His and Emily's children are Colette Siner, Janelle Risdon, and Michelle and Nick Sauvageau. Michelle is engaged to be married April 16, and because her father thought he might not be around for her wedding, she posed with him in church for wedding-type photos.

On the evening of Jan. 23, the family had picked up pizza at La Casa, and Phil got a call at home at 6:15 p.m. Nurse coordinator Bobbi Heffelfinger urged him to get to the hospital.

Before long, he said, his room there was filled with what seemed like dozens of medical people, happily anticipating a positive outcome.

Two Catholic priests visited, and he received the sacrament of the sick, previously called the last rites. He felt no stress, he said, and was at peace with whatever outcome.

Since the double-lung transplant, he has gradually walked hospital hallways more each day, achieving his goal of one mile on Sunday. He was happy to get home Monday night.

Dr. Strah said the prognosis is good and Sauvageau will receive long-term follow-up care. That includes testing and pulmonary rehabilitation every day for the next several months, and then checkups every few months for the rest of his life.

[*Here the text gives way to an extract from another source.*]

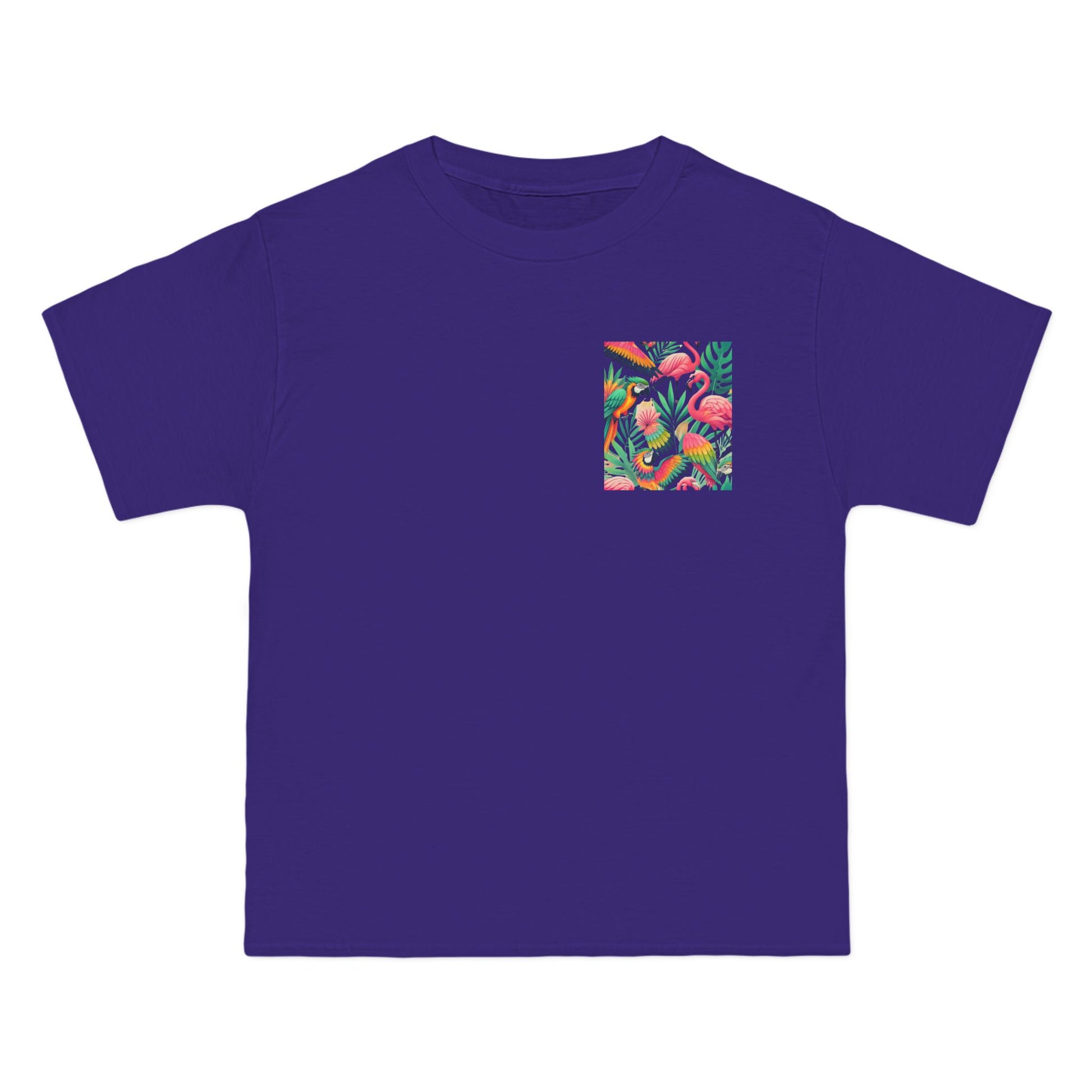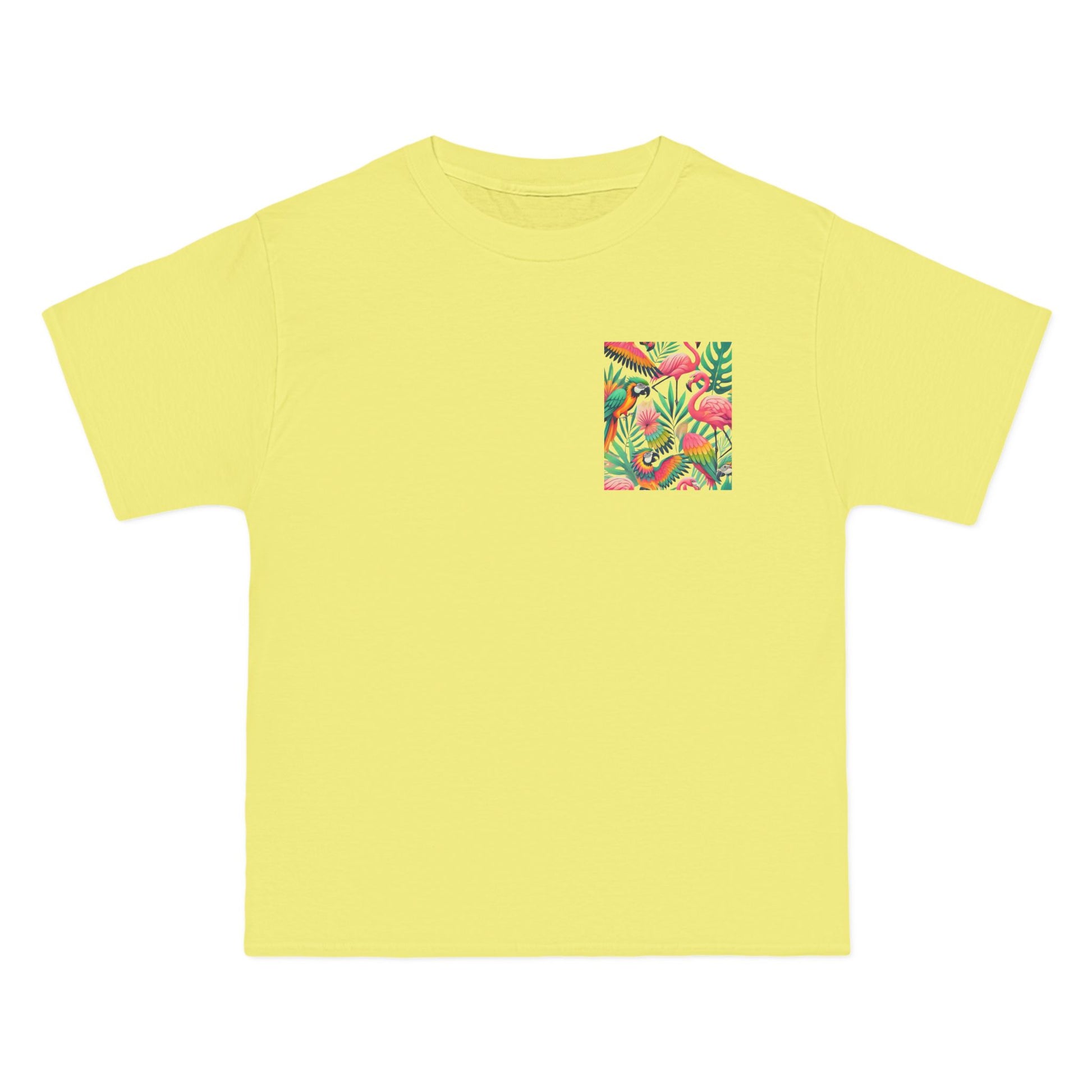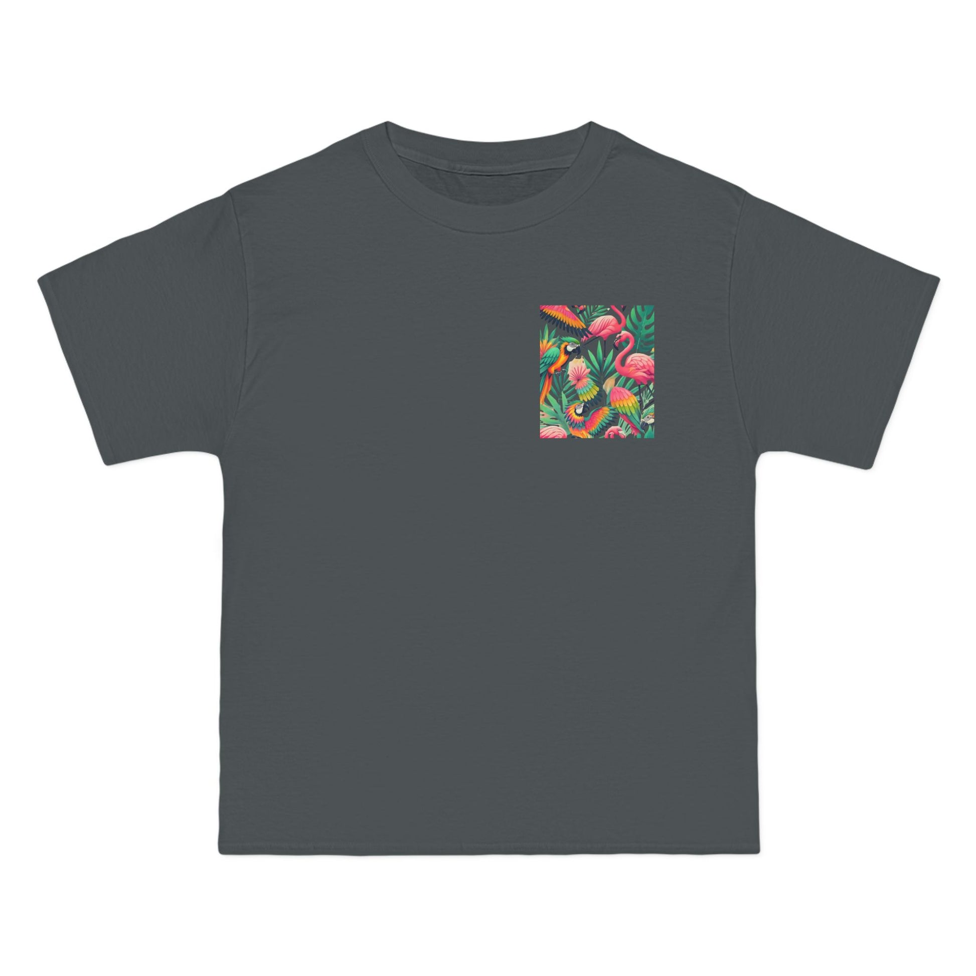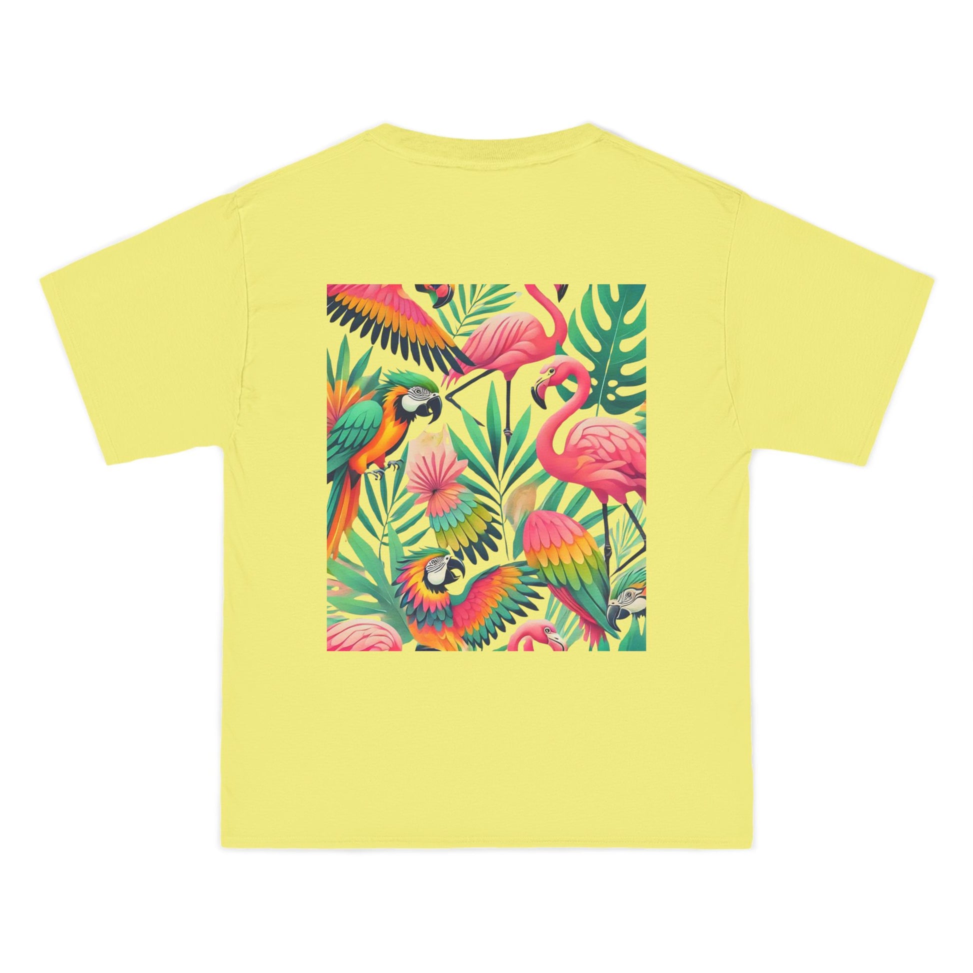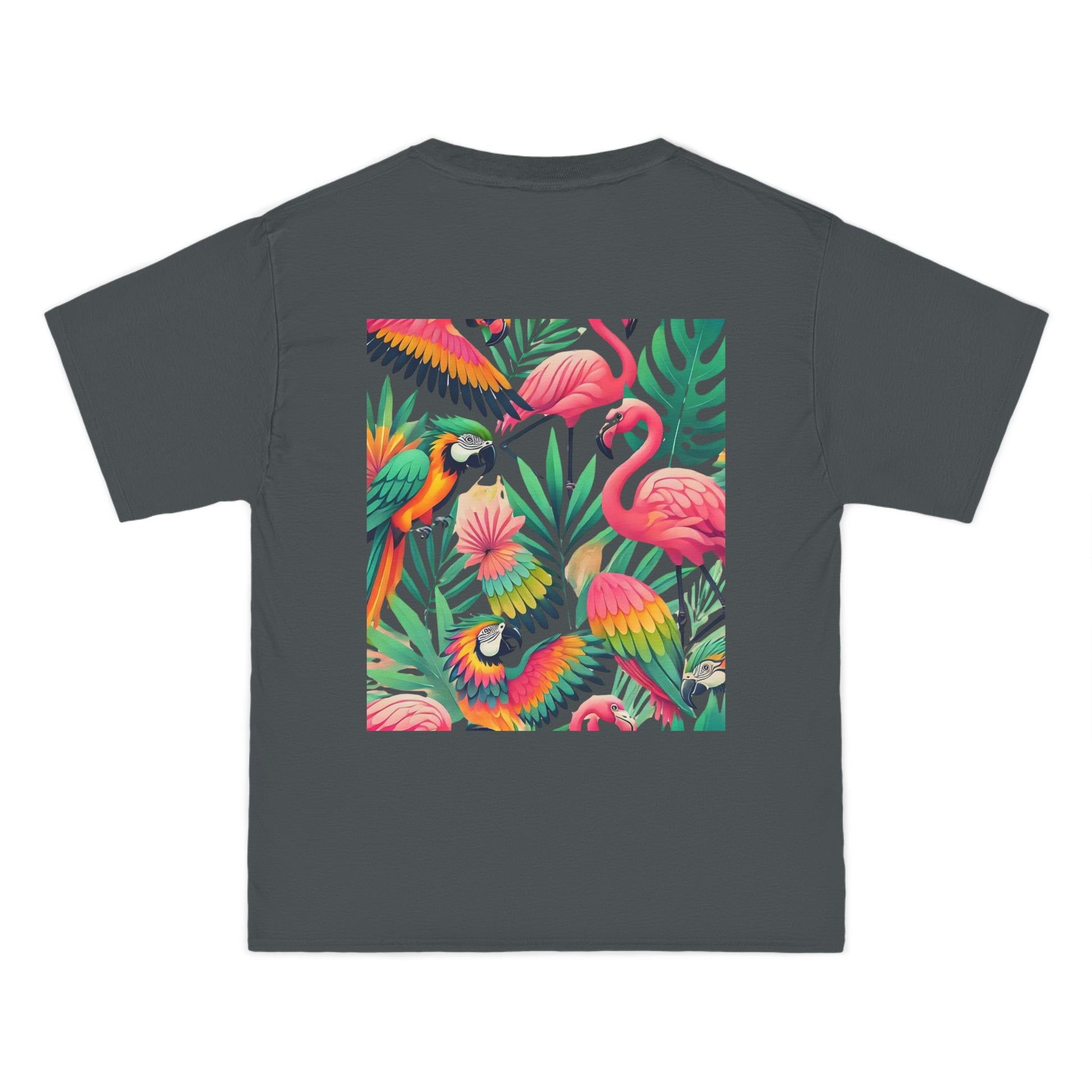 Welcome to the vibrant world of the Birds Pattern: Playful Summer tee from Whatever Clothing! Bursting with color and charm, this unique piece creates a whimsical symphony of stylized parrots and flamingos, their exaggerated bright feathers dancing against a dreamy pastel backdrop. It's more than just a shirt - it's wearable art.

Patients who survive their first year after a transplant are typically expected to live seven or eight years. But Strah said she has seen patients who received transplants 10 or 20 years ago and still are in relatively good health.

"Phil is a determined guy," said brother Jeff. "He's been a really amazing leader in the business and the family. After the transplant, it was great to see him laughing and joking again."

Jeff and Phil sold their company to a Texas competitor, and Phil retired a couple of years ago. The musical brothers plan to carry out a long-delayed plan to record a CD together in a studio.

Guitar-playing Phil, who wrote and sang songs for his two older daughters' weddings, now plans to do so for Michelle, whom he will walk down the aisle of St. Cecilia Cathedral in two months.

His accurate prediction that lungs would arrive for him Jan. 23 has been the talk of the transplant program. It may have been just an amazing coincidence, but many physicians don't discount the value of faith.

"It probably does help people," said Siddique, who was born in England. "There are reasons to think faith may give people a little more ability to deal with ups and downs, and it can help people get through tough times."

Phil Sauvageau has endured tough times. But now he can breathe easier.